Find the number of non-zero squares in the field $Zp$
Find the number of non-zero elements in the field $Z_p$, where $p$ is an odd prime number, which are squares, i.e. of the form $m^2$; $m \in Z_p$; $m \neq 0$.
please help how can i solve this problem? the number of nonzero element is $p-1$ here
Solution 1:
Let $G$ be the set of non-zero elements of $\mathbb{Z}_p$. $G$ is a commutative group of order $p-1$. Let $f\colon G \rightarrow G^2$ be the map such that $f(m) = m^2$. $f$ is a surjective homomorphism.
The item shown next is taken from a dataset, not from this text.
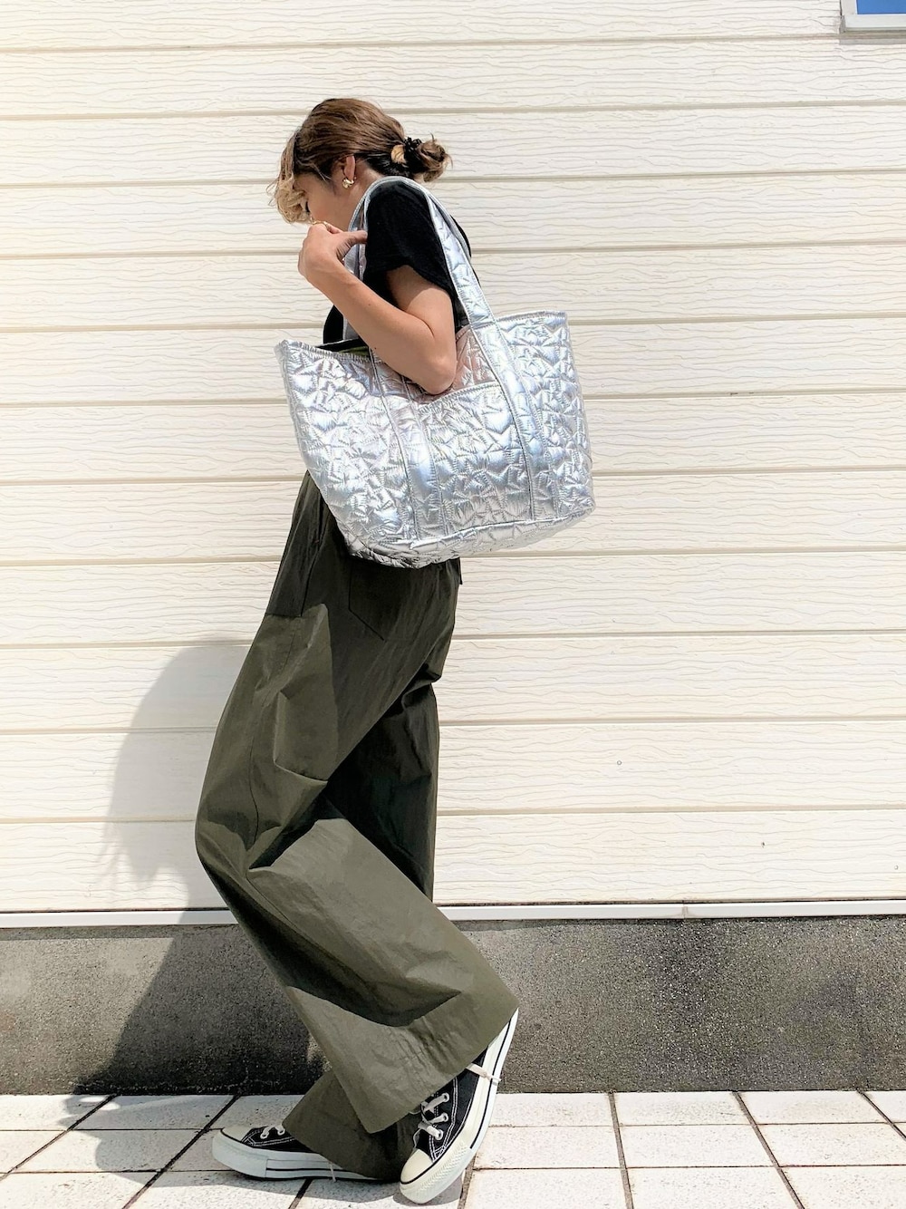 casseliniのスターキルティングトートを主役に、ラフなコーディネートに仕上げました。

Hence $G^2$ is isomorphic to $G/\ker(f)$. Since $\ker(f) = \{1, -1\}$ and $p$ is odd, $|ker(f)| = 2$. Hence $|G^2| = (p-1)/2$.
Solution 2:
Hint $\ $ The nonzero elements of $\rm\,\Bbb Z_p\,$ form a cylic group $\rm\:G\:$ of order $\rm\,p-1 = 2n.\:$ Written additively, $\rm\:G\,\cong\, \Bbb Z_{2n},\:$ where squares $\rm\,x^2\in G\,$ become doubles $\rm\:2\,\hat x\,\in Z_{2n}.\:$ Hence the question reduces to counting the number of even classes in $\rm\,\Bbb Z_{2n},\:$ which is clearly $\rm\:n,\:$ viz. $\rm\,0,2,4,\ldots,2n.$